Source data:

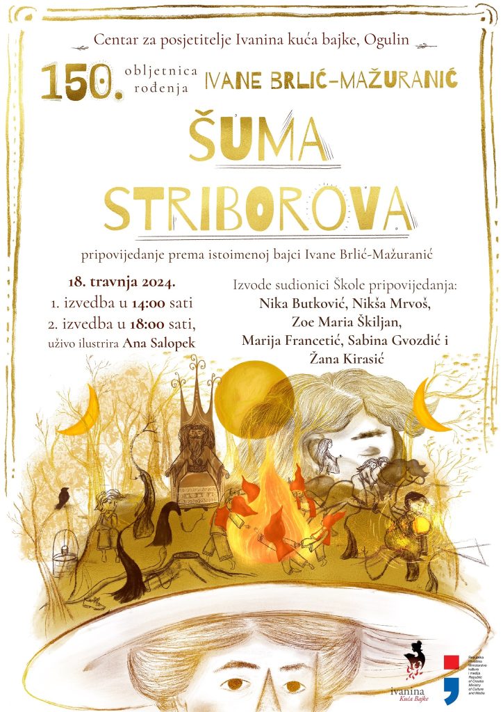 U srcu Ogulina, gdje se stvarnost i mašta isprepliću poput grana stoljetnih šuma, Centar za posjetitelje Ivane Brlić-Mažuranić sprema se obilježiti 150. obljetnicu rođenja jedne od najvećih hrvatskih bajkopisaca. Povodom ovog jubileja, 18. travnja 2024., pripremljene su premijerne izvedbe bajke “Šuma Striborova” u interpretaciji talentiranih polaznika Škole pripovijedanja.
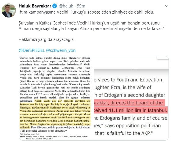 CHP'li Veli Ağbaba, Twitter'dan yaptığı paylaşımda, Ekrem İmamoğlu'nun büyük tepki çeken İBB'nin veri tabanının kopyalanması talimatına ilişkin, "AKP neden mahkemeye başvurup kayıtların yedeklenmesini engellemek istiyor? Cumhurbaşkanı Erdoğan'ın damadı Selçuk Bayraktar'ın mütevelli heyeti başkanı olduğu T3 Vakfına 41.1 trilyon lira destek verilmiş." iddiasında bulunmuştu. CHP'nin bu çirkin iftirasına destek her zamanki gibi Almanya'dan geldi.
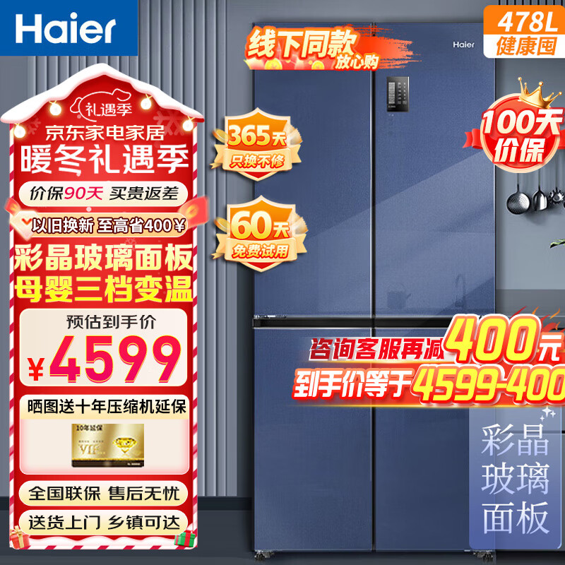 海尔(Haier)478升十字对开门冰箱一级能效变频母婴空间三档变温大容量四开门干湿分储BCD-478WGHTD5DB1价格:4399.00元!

Exercise details: All of the material is to be reproduced verbatim, pictures excluded.

Task answer:
 U srcu Ogulina, gdje se stvarnost i mašta isprepliću poput grana stoljetnih šuma, Centar za posjetitelje Ivane Brlić-Mažuranić sprema se obilježiti 150. obljetnicu rođenja jedne od najvećih hrvatskih bajkopisaca. Povodom ovog jubileja, 18. travnja 2024., pripremljene su premijerne izvedbe bajke “Šuma Striborova” u interpretaciji talentiranih polaznika Škole pripovijedanja.
 CHP'li Veli Ağbaba, Twitter'dan yaptığı paylaşımda, Ekrem İmamoğlu'nun büyük tepki çeken İBB'nin veri tabanının kopyalanması talimatına ilişkin, "AKP neden mahkemeye başvurup kayıtların yedeklenmesini engellemek istiyor? Cumhurbaşkanı Erdoğan'ın damadı Selçuk Bayraktar'ın mütevelli heyeti başkanı olduğu T3 Vakfına 41.1 trilyon lira destek verilmiş." iddiasında bulunmuştu. CHP'nin bu çirkin iftirasına destek her zamanki gibi Almanya'dan geldi.
 海尔(Haier)478升十字对开门冰箱一级能效变频母婴空间三档变温大容量四开门干湿分储BCD-478WGHTD5DB1价格:4399.00元!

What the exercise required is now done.